EXERCISE REQUIREMENTS:
Look for the line containing "Çevre, Şehircilik ve" and the line containing "Ковры из коллекции Кашмир" in the entries below. Copy those two and all lines between them exactly, leaving out pictures.

INPUT FOR THIS TASK:
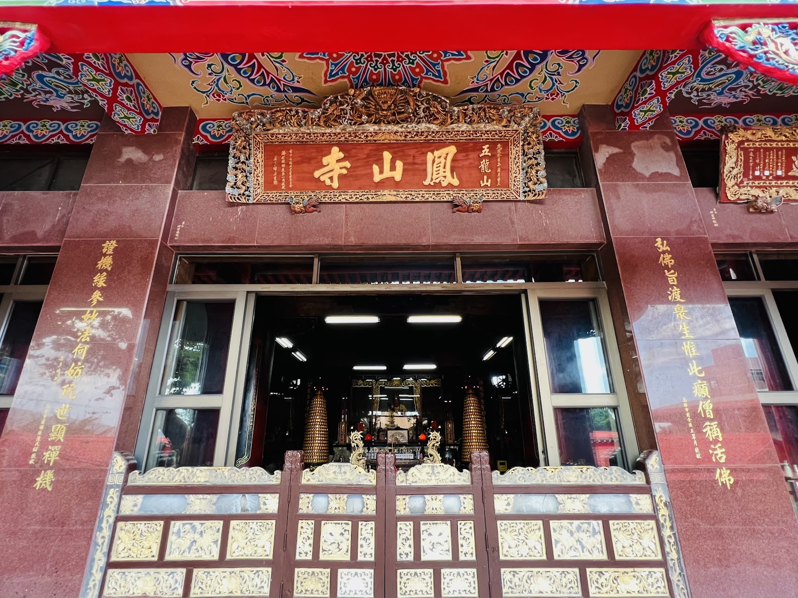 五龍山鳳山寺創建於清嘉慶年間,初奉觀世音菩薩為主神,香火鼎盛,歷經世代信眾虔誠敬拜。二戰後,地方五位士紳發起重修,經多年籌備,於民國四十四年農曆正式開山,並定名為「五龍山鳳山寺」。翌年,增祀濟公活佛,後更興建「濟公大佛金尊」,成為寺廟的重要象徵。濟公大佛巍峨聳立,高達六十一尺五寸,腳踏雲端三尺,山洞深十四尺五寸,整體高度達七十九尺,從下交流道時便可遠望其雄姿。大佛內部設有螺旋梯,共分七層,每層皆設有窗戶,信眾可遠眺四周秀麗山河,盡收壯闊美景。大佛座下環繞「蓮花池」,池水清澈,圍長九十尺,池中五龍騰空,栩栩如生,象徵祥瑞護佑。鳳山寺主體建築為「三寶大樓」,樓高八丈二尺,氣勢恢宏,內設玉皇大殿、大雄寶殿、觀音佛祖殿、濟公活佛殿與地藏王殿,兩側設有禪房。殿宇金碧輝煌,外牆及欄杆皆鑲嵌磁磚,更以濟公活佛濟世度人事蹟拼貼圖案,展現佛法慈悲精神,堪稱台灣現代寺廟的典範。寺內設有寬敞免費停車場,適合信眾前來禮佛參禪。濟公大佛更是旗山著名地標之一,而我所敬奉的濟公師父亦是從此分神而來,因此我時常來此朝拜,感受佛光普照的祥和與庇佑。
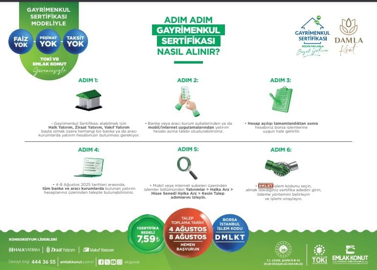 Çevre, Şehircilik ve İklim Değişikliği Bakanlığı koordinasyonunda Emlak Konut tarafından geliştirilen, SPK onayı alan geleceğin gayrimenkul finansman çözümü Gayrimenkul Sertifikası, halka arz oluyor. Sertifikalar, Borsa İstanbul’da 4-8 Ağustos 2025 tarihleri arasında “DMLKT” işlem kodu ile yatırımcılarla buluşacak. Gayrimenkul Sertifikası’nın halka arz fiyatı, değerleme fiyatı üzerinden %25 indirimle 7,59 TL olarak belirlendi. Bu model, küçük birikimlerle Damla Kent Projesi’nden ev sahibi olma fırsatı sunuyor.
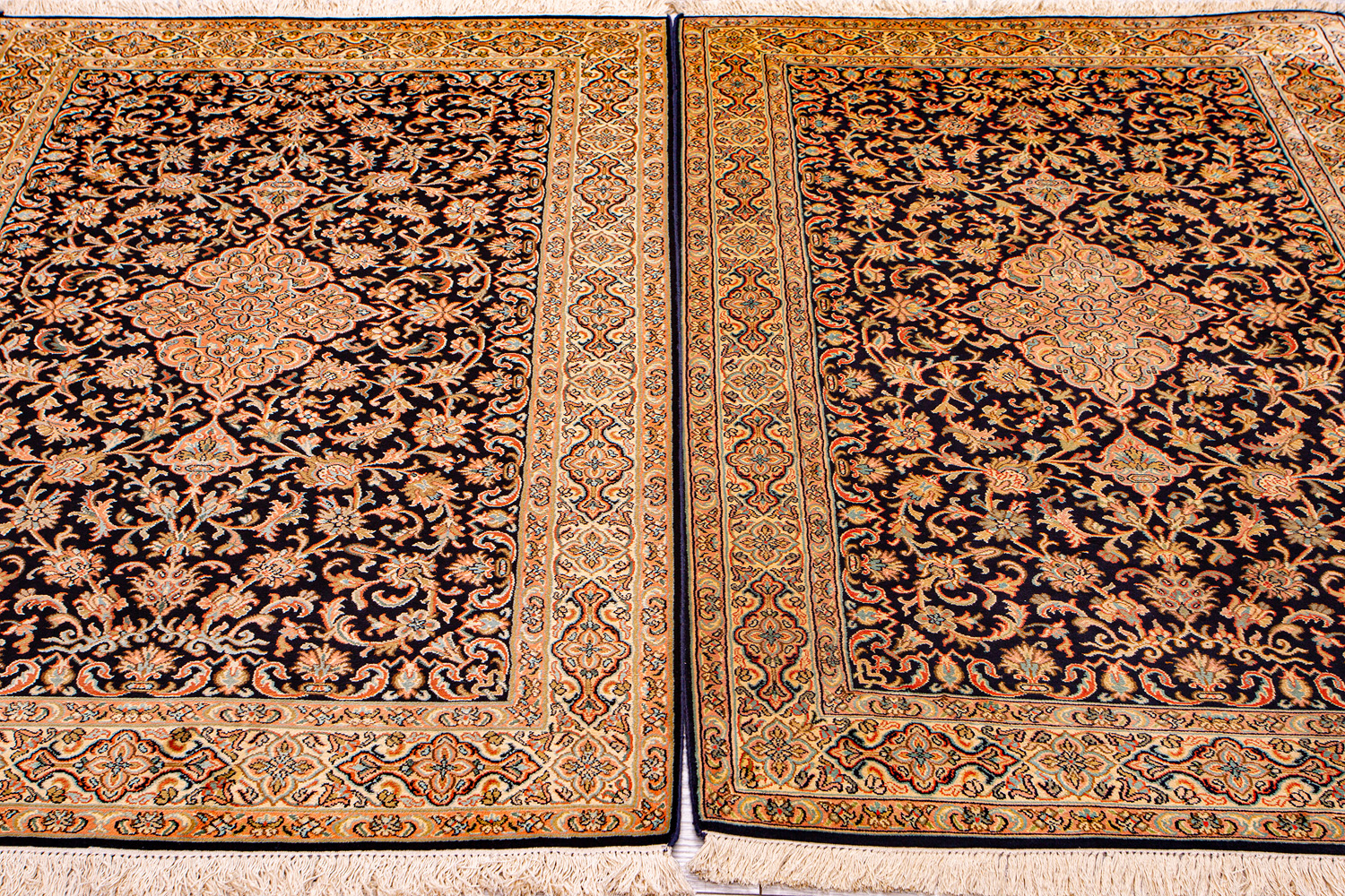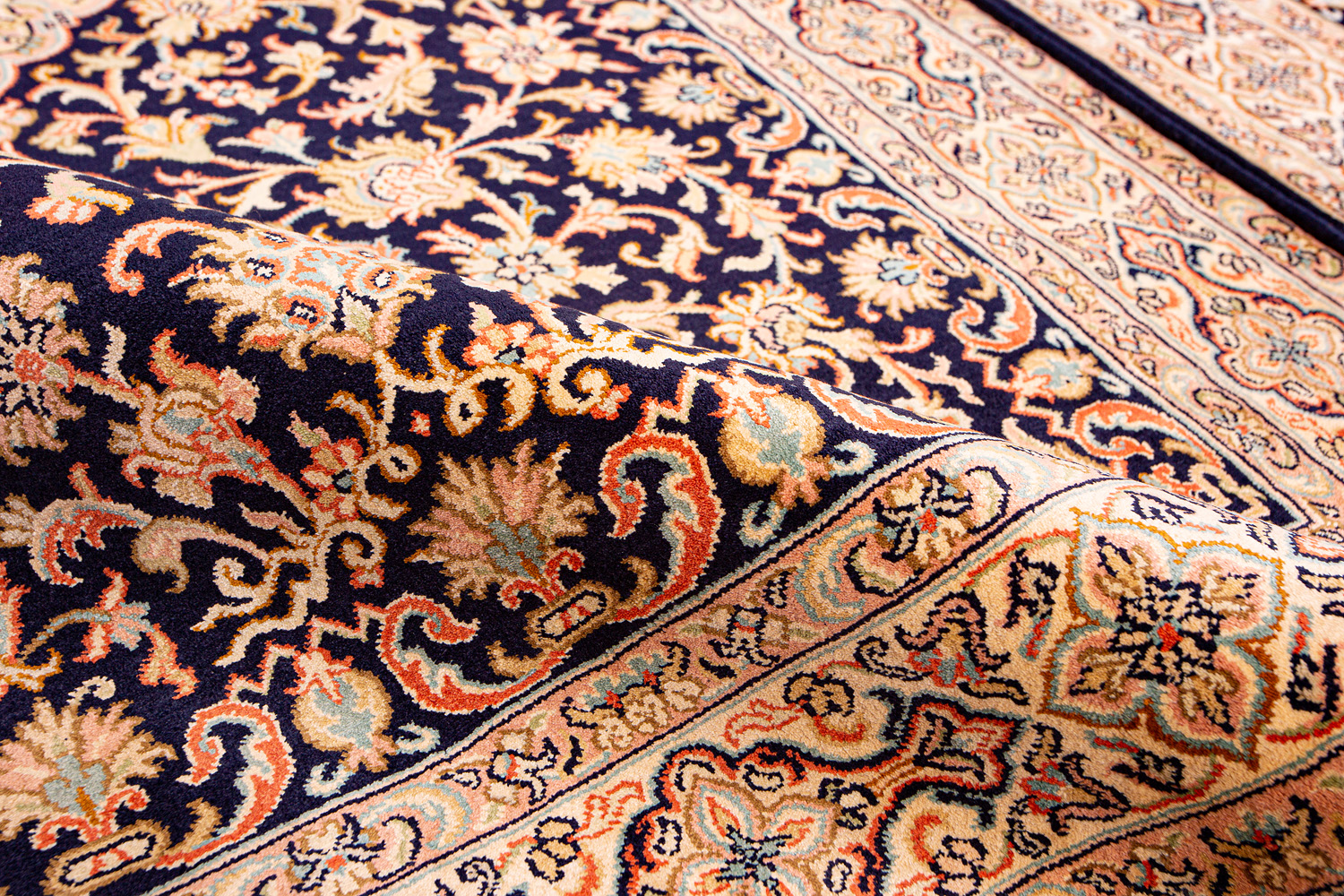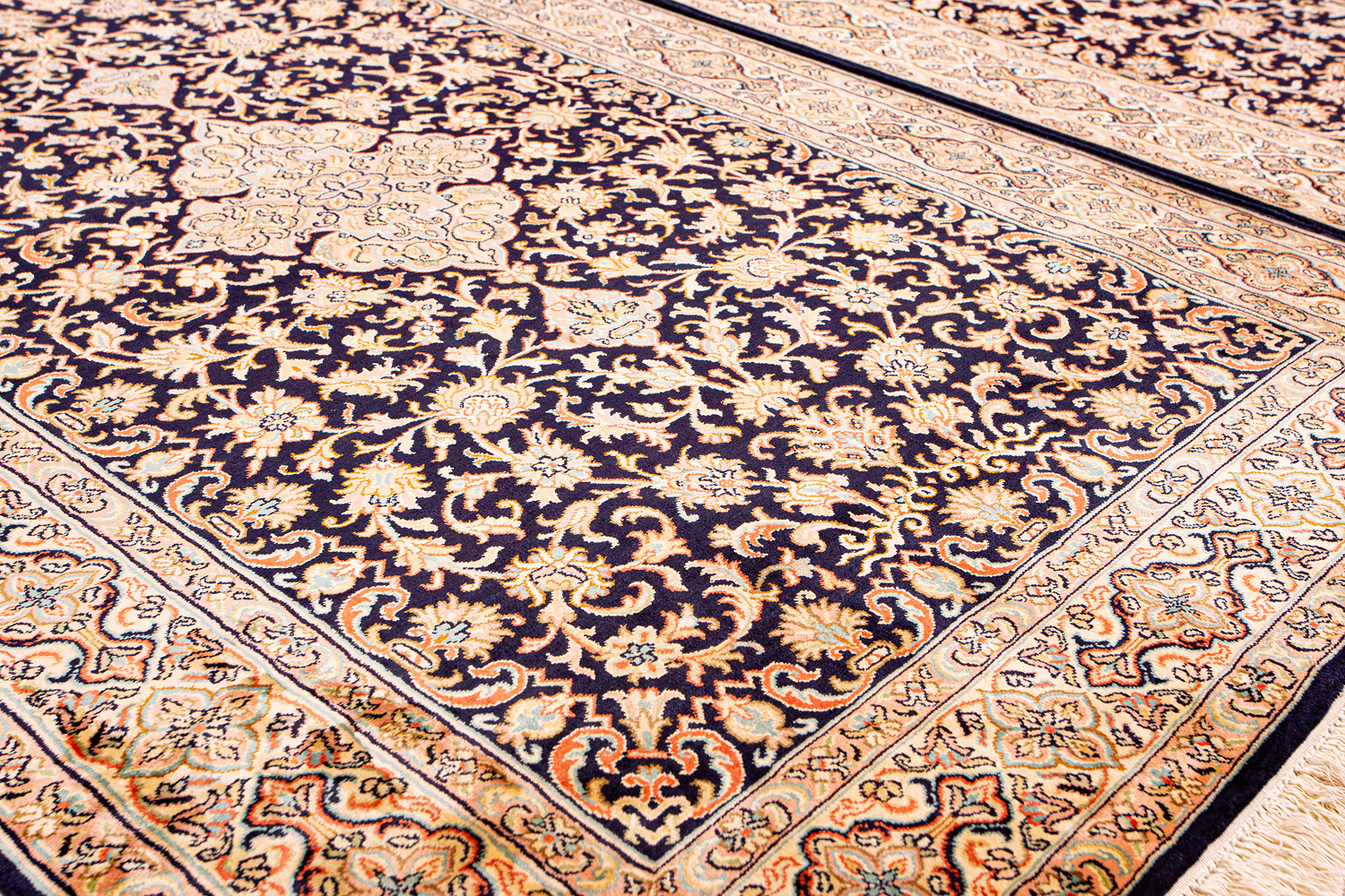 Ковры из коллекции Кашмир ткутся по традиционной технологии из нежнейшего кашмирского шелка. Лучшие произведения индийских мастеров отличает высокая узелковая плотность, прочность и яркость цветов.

* * *

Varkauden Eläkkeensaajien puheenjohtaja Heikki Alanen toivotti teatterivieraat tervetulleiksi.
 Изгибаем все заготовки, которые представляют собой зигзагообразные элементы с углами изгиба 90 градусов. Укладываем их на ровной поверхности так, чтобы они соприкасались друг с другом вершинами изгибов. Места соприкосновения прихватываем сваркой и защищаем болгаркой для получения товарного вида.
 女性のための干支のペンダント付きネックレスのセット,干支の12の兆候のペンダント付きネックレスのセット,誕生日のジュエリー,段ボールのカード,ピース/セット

* * *

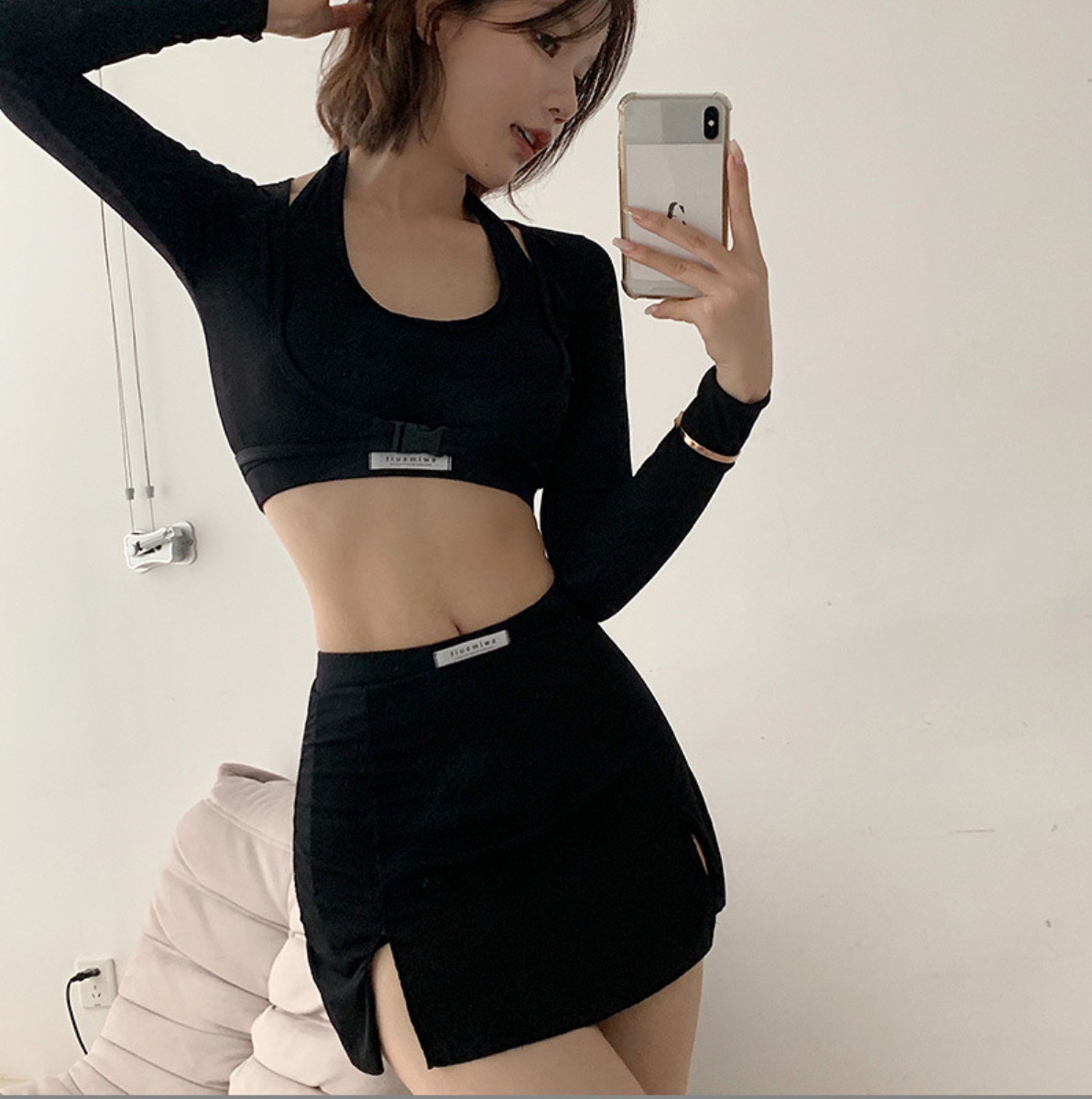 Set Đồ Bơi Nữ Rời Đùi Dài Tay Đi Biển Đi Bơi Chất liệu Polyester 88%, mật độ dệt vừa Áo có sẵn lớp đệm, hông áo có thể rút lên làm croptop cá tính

OUTPUT BELOW:
 Çevre, Şehircilik ve İklim Değişikliği Bakanlığı koordinasyonunda Emlak Konut tarafından geliştirilen, SPK onayı alan geleceğin gayrimenkul finansman çözümü Gayrimenkul Sertifikası, halka arz oluyor. Sertifikalar, Borsa İstanbul’da 4-8 Ağustos 2025 tarihleri arasında “DMLKT” işlem kodu ile yatırımcılarla buluşacak. Gayrimenkul Sertifikası’nın halka arz fiyatı, değerleme fiyatı üzerinden %25 indirimle 7,59 TL olarak belirlendi. Bu model, küçük birikimlerle Damla Kent Projesi’nden ev sahibi olma fırsatı sunuyor.
 Ковры из коллекции Кашмир ткутся по традиционной технологии из нежнейшего кашмирского шелка. Лучшие произведения индийских мастеров отличает высокая узелковая плотность, прочность и яркость цветов.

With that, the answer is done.